Foto: Roberto Yoshida

O festival de cinema “É tudo verdade” chega a sua 17°edição. E nessa edição, o evento é dedicado exclusivamente à cultura do documentário na América Latina. No evento, mais de uma centena de filmes serão exibidos, simultaneamente, em São Paulo e Rio de Janeiro.

Nesta sexta-feira (30/03), acontece a estreia de “Coração do Brasil”, um dos grandes candidatos ao prêmio de melhor documentário na categoria brasileiro, média e longa metragem da mostra competitiva do festival.

O filme retrata uma história que começou em 1958. À época, o presidente Juscelino Kubitschek confiou aos irmãos Villas – Bôas a tarefa de demarcar o centro geográfico do Brasil. Cinquenta anos depois, três participantes da expedição original: Sergio Vahia de Abreu, o documentarista Adrian Cowell e o cacique Raoni – hoje o principal cacique da etnia Kayapó, refazem o mesmo trajeto. Depois da segunda viagem histórica ao centro do nosso país, lança-se hoje um capítulo inédito sobre a história do Brasil.

A pitada de aventura do documentário vem com Sérgio Vahia, filho do Dr. Darcílio Vahia de Abreu- conhecido como Dr. Apêndice por ter realizado dezenas de cirurgias nos índios. O documentário também trata, em algumas partes, da ambição deste homem. Foi Sérgio que convenceu Daniel Santiago, Adrian Cowell e o cacique Raoni a viajar novamente 16 mil quilômetros de barco, caminhão, e, principalmente, a pé na selva, úmida, perigosa e muito quente. São homens que resistiram dia e noite aos carrapatos, às muriçocas, aos piuns, às mangabas e aos marimbondos, às formigas de fogo e as cortadeiras, e às abelhas lambe-olhos e relatam o que viveram com um orgulho que só pertencem aos heróis.

No filme, é interessante perceber a relação de cumplicidade e uma maneira muito particular de interação entre o documentarista com os índios de diferentes etnias. O que se transforma em outro ponto forte do filme, poder conhecer um pouco mais do maior documentarista da Amazônia, que veio a falecer ao final de 2011, aos 77 anos, deixando um legado precioso.

Cowell  filmou a destruição da maior floresta tropical úmida do mundo, a situação dos povos indígenas, os sertanistas, garimpeiros e fazendeiros, sobretudo nos anos 1980 quando fez a premiada série para TV chamada “A década da destruição”.

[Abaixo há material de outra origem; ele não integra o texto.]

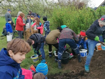 Alle Kinder waren mit Feuereifer dabei und halfen kräftig mit. Erst gegen Mittag waren Kinder und Lehrer müde, aber sehr zufrieden, wieder an der Schule.
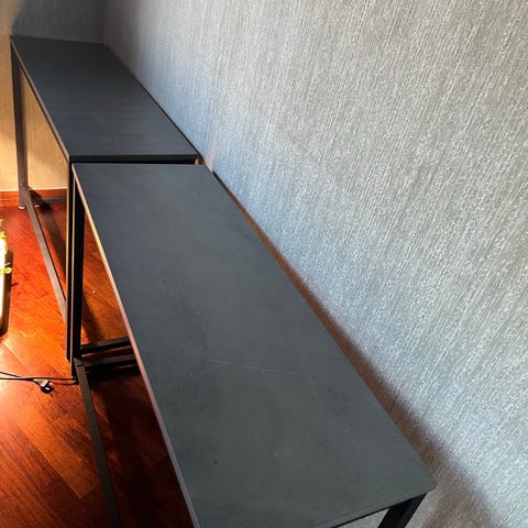 Konsollbord i svart metall med rektangulær form og åpen ramme. Bordplaten har en slank design og bordet har en minimalistisk stil som passer til ulike rom.

Além disso, assistir “Coração do Brasil” é também uma chance de entender o que levou um inglês a dedicar 50 anos de trabalho na selva Amazônica. Foi durante a expedição, em 1958, que Adrian, ainda um jovem estudante, decidiu ficar na Amazônia. A partir de então, ele filmou, por 50 anos quase ininterruptamente.  São mais de 16  filmes, quase 7 toneladas de película, hoje disponível para pesquisa na Universidade Federal de Goiânia.

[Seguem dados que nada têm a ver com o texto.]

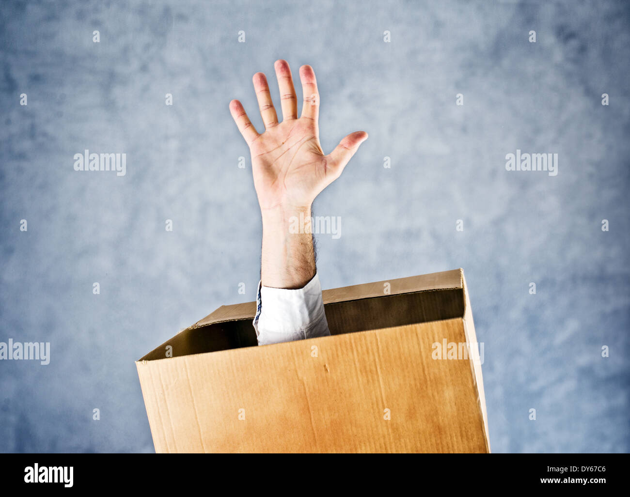 Maschio Lato Raggiungendo Fuori Dalla Scatola Di Cartone La Richiesta Di Aiuto E Di Salvezza Foto Stock Alamy
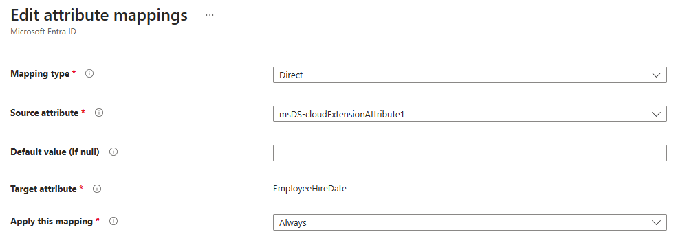 Because the users are going to been synced from Active Directory, the “EmployeeHireDate” field in Entra ID is not going to get managed from Entra ID. And since this field does not exist in Active Directory, we have to make a custom mapping first.
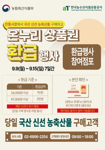 이번 행사는 전통시장에서 국산 농축수산물을 구매한 소비자들에게 구매 금액의 최대 30%를 1인당 수산물 2만원, 농축산물 2만원 한도에서 온누리상품권으로 환급해 주는 행사이다. 전통시장에서 국산 농축수산물을 구매한 소비자가 영수증과 신분증을 지참하여 시장 내 환급 부스를 방문하면 본인 확인 후 온누리상품권으로 환급받을 수 있으며, 행사 참여 시장 등 자세한 내용은 공식 누리집에서 확인할 수 있다.

O filme de Santiago também é um convite à reflexão. Em 1943, a Amazônia era um mundo remoto, a segunda guerra trouxe um espírito expansionista, era preciso, crescer e explorar o Oeste do Brasil. Décadas mais tarde, os mesmos lugares permanecem intactos. As terras indígenas são as unidades de conservação mais preservadas no Brasil. Segundo dados do INPE, 98,8% das reservas na Amazônia estão conservadas.

Hoje, os Kayapó ainda aguardam a promessa de regulamentação da Terra indígena do Kapot Nhinore, território Metiktire onde o cacique Raoni nasceu. Em cinco décadas, o povo do cacique Raoni ainda não teve seu direito garantido sobre a terra conquistada.